Australian politician

Dame Elizabeth May Ramsay Couchman DBE (née Tannock; 19 April 1876 – 18 November 1982) was an Australian political activist. She served as president of the Australian Women's National League from 1927 to 1945 and oversaw its merger into the new Liberal Party of Australia. She was also the first woman appointed to the board of the Australian Broadcasting Commission (ABC), serving from 1932 to 1943.

==Biography==
She was born Elizabeth May Ramsay Tannock, the daughter of Elizabeth Mary (née Ramsay), and Archibald Tannock. Her father was a confectioner. She had a sister, Jean, who married Henry Mercer, Dean of Perth from 1912 to 1917. She was born and grew up in Geelong, and was educated to matriculation level at the Girls' High School.

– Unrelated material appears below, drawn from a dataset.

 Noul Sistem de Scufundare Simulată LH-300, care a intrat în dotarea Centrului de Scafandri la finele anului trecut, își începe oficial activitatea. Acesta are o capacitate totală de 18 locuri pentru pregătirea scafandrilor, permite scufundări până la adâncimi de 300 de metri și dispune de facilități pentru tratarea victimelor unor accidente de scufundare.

She matriculated in 1895. After a period of teaching at the Methodist Ladies' College and Tintern Grammar, another independent girls' school, she moved to Perth, Australia in 1916 to complete a Bachelor of Arts degree at the University of Western Australia.

In 1917, aged 41, she married businessman Claude Couchman, but they had no children. He died ten years later. On his death she decided to devote the rest of her life to the pursuit of public interests, which included voluntary work and the duties of a Justice of the Peace. From 1927 to 1945, she was president of the Australian Women's National League, a conservative women's organisation established in 1904 to support the monarchy and empire, combat socialism, educate women in politics, and safeguard the interests of the home, women and children.

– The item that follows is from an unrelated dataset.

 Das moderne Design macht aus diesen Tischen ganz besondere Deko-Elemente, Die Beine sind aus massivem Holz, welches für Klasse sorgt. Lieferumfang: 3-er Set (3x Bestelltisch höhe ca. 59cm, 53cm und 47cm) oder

Between the world wars, the League claimed 40,000 members and was the largest continuous non-labour organisation, but those numbers had dwindled to approximately 12,000 by 1944. In 1945, it merged to help form the new Liberal Party of Australia. Couchman insisted on equal representation of women and men at all levels of the Victorian division, and was involved in establishing the branch structure of the party.

She worked in the Liberal Party organisation as a member of the state executive and state council, and served as Victorian vice-president of the party from 1949 to 1955. She was the first female to be appointed to the Australian Broadcasting Commission, from 1932 to 1940, and was a member of the Australian delegation to the League of Nations in 1934.

She sought pre-selection for the Senate on three occasions, but was unsuccessful. She eventually gained pre-selection for the safe Labor seat of Melbourne in the 1943 election, but was defeated.

Dame Elizabeth Couchman died in Melbourne, aged 106.

==Honours and recognition==
She was appointed an Officer of the Order of the British Empire in the 1941 New Years Day Honours and promoted to Dame Commander in the 1961 New Years Day Honours for her public and patriotic services.

Couchman Crescent, in the Canberra suburb of Chisholm, is named in her honour.

The State Library of Victoria holds a collection of papers related to Couchman in its Manuscripts Collection. It comprises papers of the Australian Women's National League, 1920–1945, collected by Dame Elizabeth Couchman, and a history entitled "The Australian Women's National League, 1904-1945" by Elizabeth Couchman, 14 February 1969.